By Chong Xin Wei and Shiya Watanabe
Updated: 11:58 PM, Dec 7
NTU is offering free Covid-19 swab testing to all Hall residents during the first two weeks of the upcoming semester, the President’s Office announced in an email to students on Monday (Dec 7).
The tests will be conducted on campus on weekdays from Jan 4 to 15 next year, from 9am to 12pm and 1pm to 4pm.
New and returning Hall residents may book a test on this website, which is open from Dec 7 to 18, as long as they are not exhibiting Covid-19 symptoms or serving a quarantine order, stay-home notice or leave of absence, said the email.
Students who are unable to make it on the pre-booked date may request another time slot depending on availability, or arrange for a swab test at external clinics at their own cost, the school added.
“Hall residents are strongly encouraged to undertake the swab test. This is part of the Government’s efforts to expand the Covid-19 testing regime to selected community groups,” deputy president and provost Ling San and senior vice president of administration Tan Aik Na wrote in the email.
The Covid-19 tests will use Antigen Rapid Tests (ART) — a nasal swab from the lower part of the nose. Residents who test ART-positive will require a separate Polymerase Chain Reaction (PCR) swab test to confirm if they are infected with Covid-19.
Students who test positive may be required to self-isolate for one to two days and minimise exposure to others while waiting for the results of the second test.

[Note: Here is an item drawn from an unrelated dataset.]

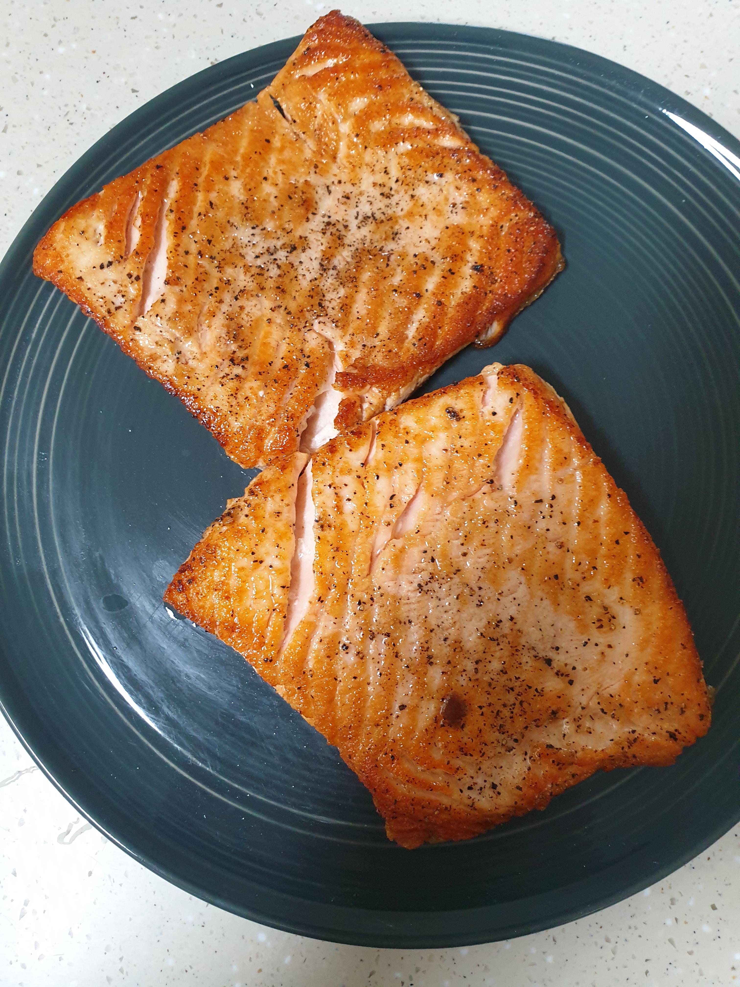 연어는 노르웨이산 500g 이고 후라이팬에 구워준다.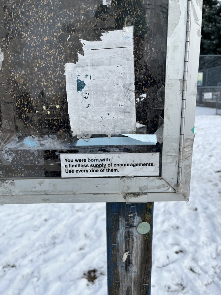 Last winter I noticed this small innocuous bit of paper taped to a neighbourhood post-board. On it were the words I have quoted above. It sticks with me to this day and comes to mind … >

Confirmed Covid-19 cases will be conveyed via ambulance to an appropriate care facility and receive medical treatment under NTU’s insurance scheme for students, said the email.
It added that any full-time student who needs a temporary place to stay while they self-isolate will be allowed to stay at Graduate Hall 1 for free, but will not be provided services, such as catered food or laundry. Students may order meals from food delivery services.
“The testing of all Hall residents would allow us to better monitor the prevalence of Covid-19 and contain any asymptomatic cases in the community quickly,” the President’s Office wrote.
“This is in view of the communal living environment that may pose increased risk of community transmission.”
Some students were eager to receive the swab test and felt it was crucial to protecting the health and safety of Hall residents.
Final-year student Veatrice Lee, 22, said: “It’s important that people get checked, if not, one active case (within Hall) would mean a widespread Covid outbreak because there are so many shared spaces in Hall.”
“I would do the test. It’s free, and it’s a form of self-assurance that you are safe (from Covid),” the School of Mechanical and Aerospace Engineering (MAE) student added.
First-year medicine student Isaac Chung, 20 said: “I will do the swab test. Although social distancing measures have been put in place, the number of people we come into contact with when commuting is still high.
“It is better to be safe than sorry.”
However, Annabelle Chan, another student from MAE, said she did not feel the need for the test because Covid-19 safe-distancing measures were already in place in NTU.
Similarly, Te Hui Ley from Hall 16 is not signing up for the swab tests.
“I will not do it because I heard it is painful,” the 19-year-old said.
“I also don’t think it is very important for students to do it as there hasn’t been many locally transmitted cases recently,” the School of Humanities and Social Sciences student added.